Die Produktion von Steinpapier beginnt zunächst mit Kalziumkarbonat. Es wird entweder aus Abfallablagerungen gewonnen oder aus Kalkstein gewonnen. Große Steine ​​werden dann zu einem sehr feinen Pulver gemahlen, ähnlich wie bei der Herstellung von Mehl. Dieses Steinpulver wird dann mit einer kleinen Menge Polyethylen hoher Dichte infundiert, um die Partikel zusammenzuhalten. Das Verhältnis beträgt 80 % Kalziumkarbonat und 20 % HDPE. Die Mischung wird extrudiert und abgekühlt, wonach weiche, weiße Pellets zurückbleiben. Diese Pellets werden in einen Heizturm gelagert und geschmolzen. Dann werden die geschmolzenen Pellets wie eine große Blase ausgeblasen. Die Haut dieser Blase ist das Steinpapier. Durch Schwerkraft wird die Blase zu einem Zylinder und fällt auf ein Messer. Das Messer schneidet den Zylinder auf und die Haut wird aufgerollt. Das ist eine Rolle Steinpapier. Um sie bedruckbar zu machen, kann sie einer Koronabehandlung unterzogen werden, was bedeutet, dass Plasma über die Oberfläche geblasen wird, um die Oberflächenenergie zu erhöhen. Eine hohe Oberflächenenergie bedeutet, dass die Druckfarbe zum Trocknen flach auf der Oberfläche liegt. Das ist Steinpapier, wie wir es in Büchern verwenden.

Was macht Ihre Idee besonders im Gegensatz zu den anderen Alternativen zu Papier, wie beispielsweise Graspapier oder Apfelpapier etc.?

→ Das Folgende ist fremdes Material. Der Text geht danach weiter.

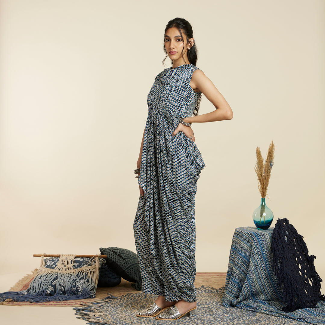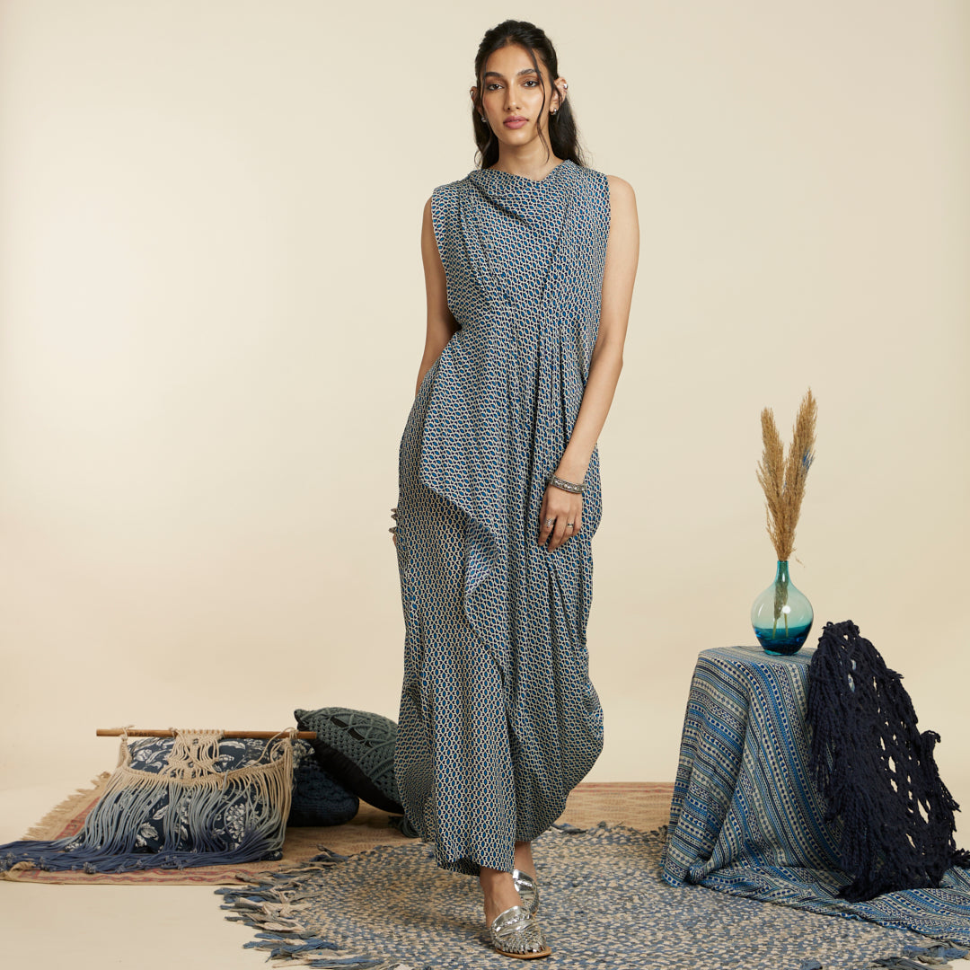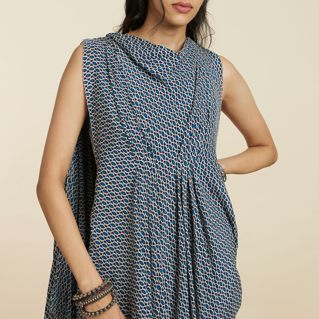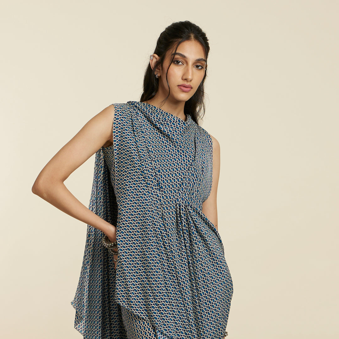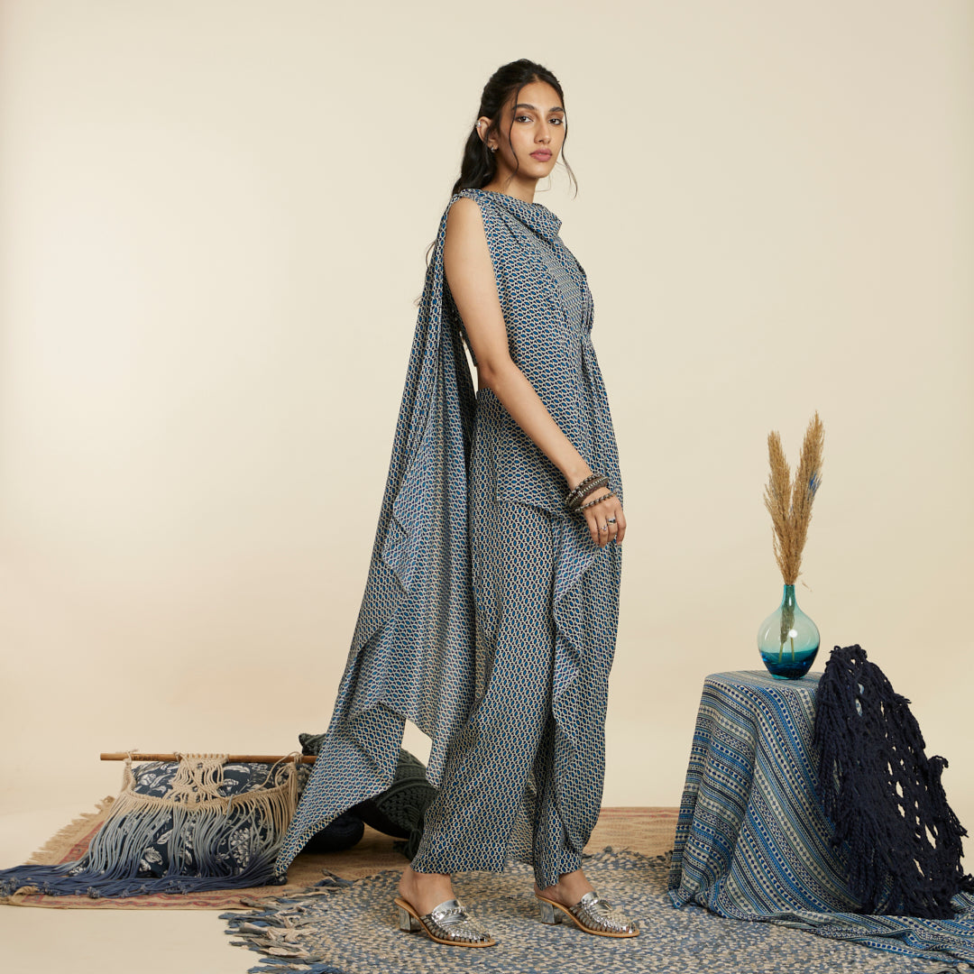 BLUE GEOMETRIC PRINT CROP TOP WITH ATTACHED DRAPE WITH PANTS

Steinpapier unterscheidet sich dramatisch von jedem Papier auf Faserbasis. Es besteht aus Steinpartikeln. Es hat ein völlig anderes Druckverhalten als diese Papiere, weil es wasserdicht ist. Es reißt außerdem nicht so leicht. Zudem gibt es keine Tonwertzunahme und es ist UV-abbaubar und erfordert keine Bleichmittel oder Zusatzstoffe, da es von Natur aus reinweiß ist.

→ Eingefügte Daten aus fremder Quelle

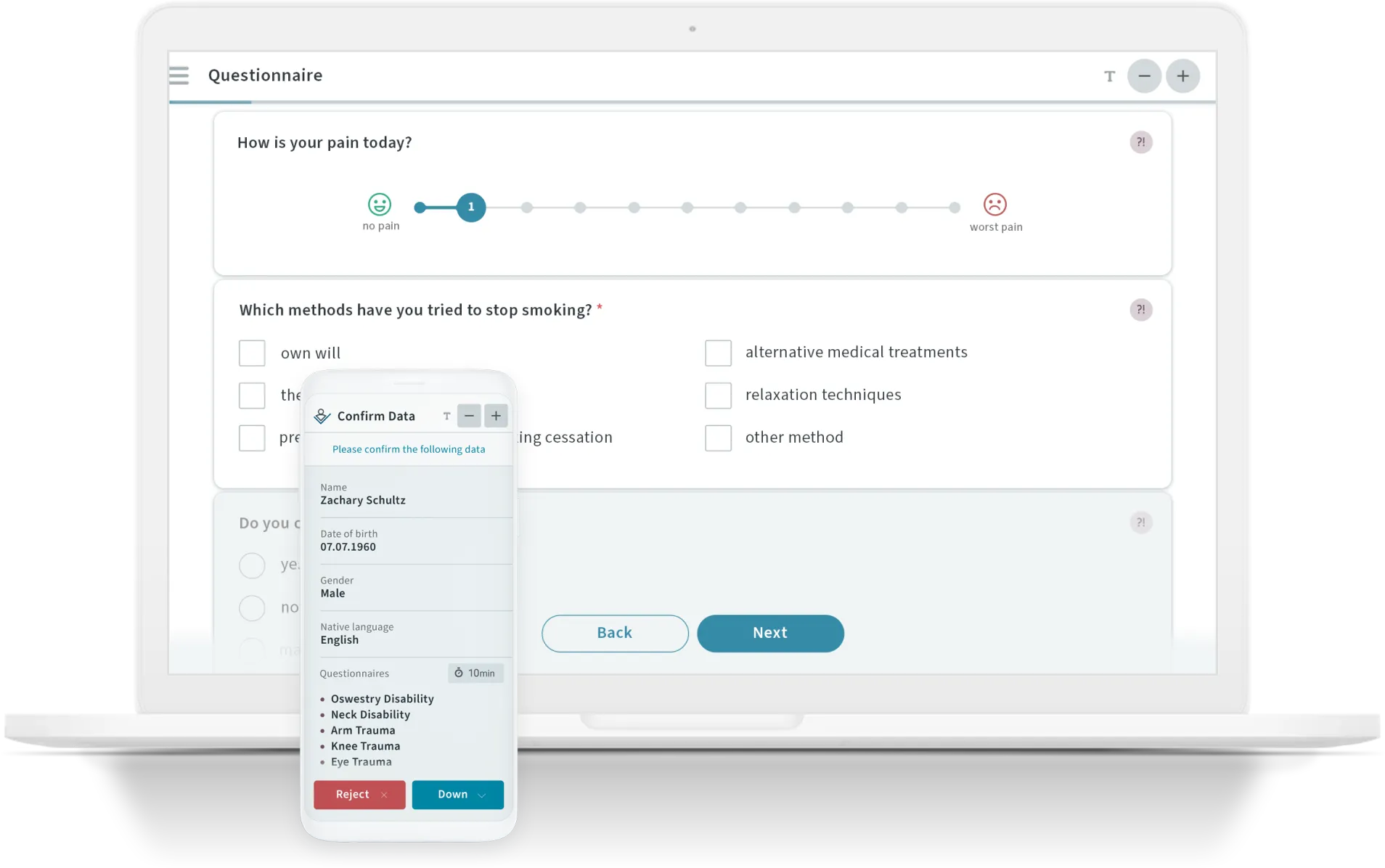 Via software for doctors, medical personnel can assign a specific questionnaire, or a set of questionnaires, to a particular patient. The app then sends a direct link to the questionnaire, or a QR code with the link, to the patient. This link contains basic information about the patient, including the recommended language. When the link is opened, the first screen asks for confirmation of the provided data.

Es ist auch nachhaltiger als diese Papiere. Die Steine, die in Steinpapier eingehen, sind 16 Millionen Mal reichlicher vorhanden als Bäume auf der Erde. Der Kunststoff, den wir für Steinpapier benötigen würden, um die gesamte Papierversorgung der Welt zu ersetzen, würde weniger als 0,5 % der weltweiten Ölproduktion ausmachen. Die einzigen zwei Inhaltsstoffe sind anorganisch und nicht lebenswichtig wie Luft und Wasser. Die Herstellung von Papier auf Faserbasis, zum Beispiel aus Gras, Äpfeln oder Bäumen, auch wenn es aus Abfall besteht, bedeutet die Verwendung wertvoller Ressourcen. Organische Ressourcen, die für die erwähnten und herkömmlichen Papiere verwendet werden, müssen erst wachsen und werden aus einer Reihe nicht erneuerbarer Ressourcen geerntet. Es bedeutet auch, Wasser in großen Mengen zu verschmutzen, Abfall zu produzieren und viel Energie zu verwenden, um die Fasern zu Papierbögen zu trocknen. Steinpapier ist recycelbarer als Papier, das normalerweise nach einmaligem Recycling als minderwertiges Zeitungs- oder Verpackungspapier verwendet wird. Schließlich setzt die Verbrennung von Steinpapier keine toxischen Emissionen frei und hinterlässt außerdem reinen Kalziumkarbonatstaub, der für Anwendungen in der Bau-, Kosmetik-, Pharma- oder fortgesetzten Papierherstellung verwendet werden kann. Zusätzlich Steinpapier kostet im Vergleich zu anderen Papieren nur ein Drittel in der Herstellung. Als Faustregel können Sie sich merken, dass eine Tonne Steinpapier 20 Bäume, 28.000 Liter Wasser und 900 kg CO2-Emissionen spart.

Wie man erkennt, ist Steinpapier ein höchst interessantes und innovatives Material, bei dem viele neue und für den Umweltschutz hilfreiche Entwicklungen absehbar sind. Es könnte sich also durchaus als nützlich erwiesen, die Augen und Ohren offen zu halten, wenn es um den Trend geht. Bei bestehendem Interesse findet Ihr aktuelle und nähere Informationen auf pebbleprinting.com.